#### YOUR OBJECTIVE:
The listing below holds pictures; exclude them. Return exactly the lines from the one with "Assuming company-wide MFA" through the one with "Poster Lua sobre".

*** Opening of AVAILABLE RECORDS ***

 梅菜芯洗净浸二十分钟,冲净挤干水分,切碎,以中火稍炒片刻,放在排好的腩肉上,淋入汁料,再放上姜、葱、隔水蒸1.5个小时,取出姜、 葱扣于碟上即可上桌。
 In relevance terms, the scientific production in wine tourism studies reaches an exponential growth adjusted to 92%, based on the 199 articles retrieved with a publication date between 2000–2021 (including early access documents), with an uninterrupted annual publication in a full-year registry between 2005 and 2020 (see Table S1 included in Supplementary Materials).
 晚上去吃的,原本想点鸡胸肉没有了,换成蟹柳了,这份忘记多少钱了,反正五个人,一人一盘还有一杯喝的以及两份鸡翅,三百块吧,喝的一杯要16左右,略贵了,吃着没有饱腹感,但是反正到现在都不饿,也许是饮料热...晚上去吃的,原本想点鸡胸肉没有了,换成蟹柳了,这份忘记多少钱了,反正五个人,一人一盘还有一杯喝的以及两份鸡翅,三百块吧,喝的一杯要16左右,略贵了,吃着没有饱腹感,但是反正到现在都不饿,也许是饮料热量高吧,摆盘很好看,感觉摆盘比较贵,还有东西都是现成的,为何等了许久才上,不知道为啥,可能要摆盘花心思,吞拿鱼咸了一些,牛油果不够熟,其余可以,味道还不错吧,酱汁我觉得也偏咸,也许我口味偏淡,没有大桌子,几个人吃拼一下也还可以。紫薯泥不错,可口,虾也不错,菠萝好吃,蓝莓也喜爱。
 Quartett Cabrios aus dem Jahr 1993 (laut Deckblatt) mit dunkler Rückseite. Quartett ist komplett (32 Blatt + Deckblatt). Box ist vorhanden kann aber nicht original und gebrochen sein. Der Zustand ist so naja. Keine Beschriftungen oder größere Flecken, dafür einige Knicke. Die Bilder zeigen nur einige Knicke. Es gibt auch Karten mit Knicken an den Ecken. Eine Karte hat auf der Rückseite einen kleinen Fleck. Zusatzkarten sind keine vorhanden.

*** Close of AVAILABLE RECORDS ***
*** Opening of AVAILABLE RECORDS ***

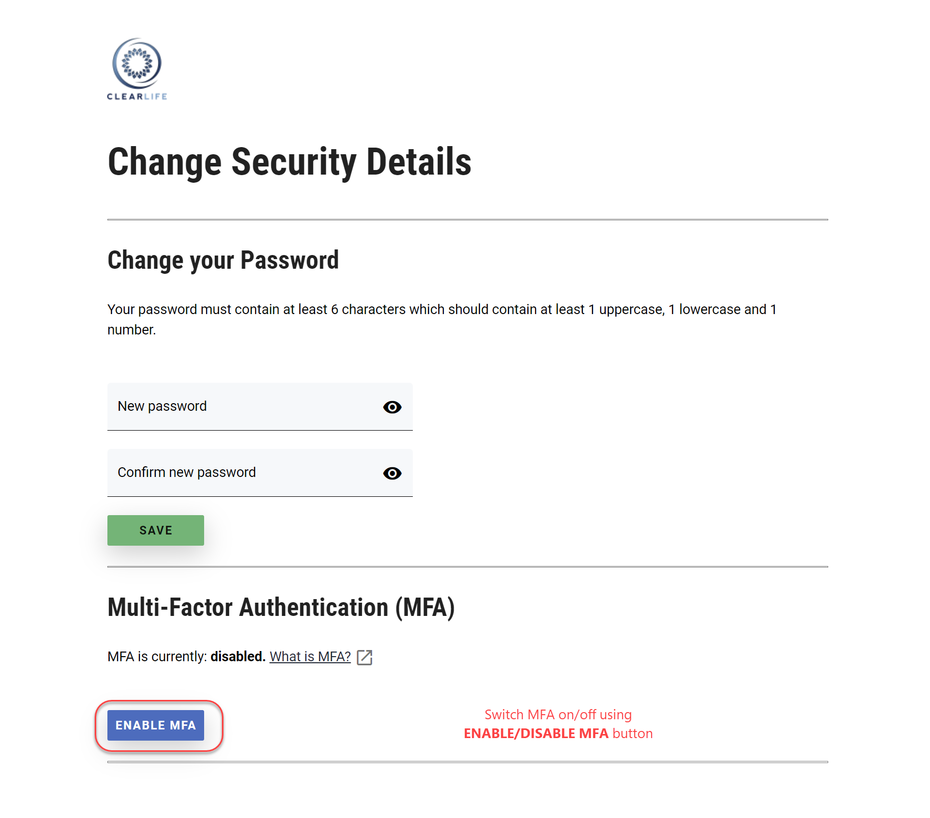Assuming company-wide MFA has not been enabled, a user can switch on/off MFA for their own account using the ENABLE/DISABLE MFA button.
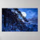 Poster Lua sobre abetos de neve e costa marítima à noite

*** Close of AVAILABLE RECORDS ***

#### ANSWER FOR THIS EXERCISE:
Assuming company-wide MFA has not been enabled, a user can switch on/off MFA for their own account using the ENABLE/DISABLE MFA button.
 Poster Lua sobre abetos de neve e costa marítima à noite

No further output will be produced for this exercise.